On the meaning of 黙想 (mokuso) and our Dōjō
Recently, a student asked me a wonderful question: what is the right attitude when sitting in seiza before the bell is rung before the start of class?
Mokuso. This is the short meditation that should be the state of a student before the bell is rung. The first kanji, 黙(moku), can be read as “silence, to become silent, stop speaking,” and the second kanji, 想 (so) can be read as “concept, think, thought, idea.” Together the two kanji mokuso are usually translated as meditation.
Sitting still, without chatting, without moving about, is the desired state before class. One lets the thoughts of the day go, the tensions drop. We sit for a few minutes, just being, appreciating the here and now of the moment, allowing mind and body to settle into the earth.
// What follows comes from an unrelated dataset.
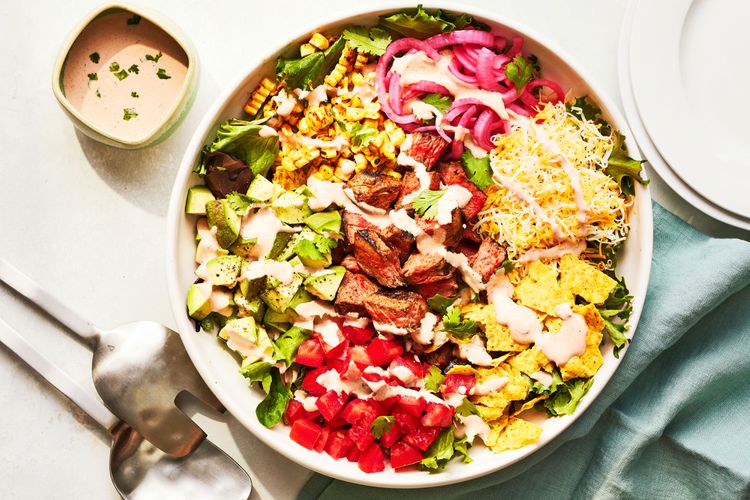 This hearty salad turns taco night into a springtime feast. Grilled steak (seasoned with taco spices) is sliced and served over crisp lettuce along with farmers’ market veggies and all your favorite taco fixings.

We experience gratitude for a dojo that allows us a place to Be, to wake up.
People milling about, talking, laughing before class– this is not the proper attitude to prepare for a martial encounter, for a true encounter with one’s self, one’s teacher, and one’s fellow students.
It is important to note that we practice in a dōjō– which literally means a place of the Way. A Way in which to study and reveal ourselves. Our practice at the dōjō starts the moment we open the door and cross the threshold. Entering the doorway, bowing, changing into gi– all of it is part of, or at least a preparation for our mokuso. We do not simply enter into a space– an undefined, generic abstraction that is malleable to our whims and will. We enter a place that has been consecrated in the Shintō tradition, the Zen tradition, and blessed by Chiba Sensei as well. It is a place of refuge, and a place of danger for the ego. It is a dōjō, and should be thought of as such.
When we understand exactly where we are practicing, and what the intention of a dōjō is– a place to walk the Way and to awaken– we will immediately have the right attitude and bearing: before, during, and after class.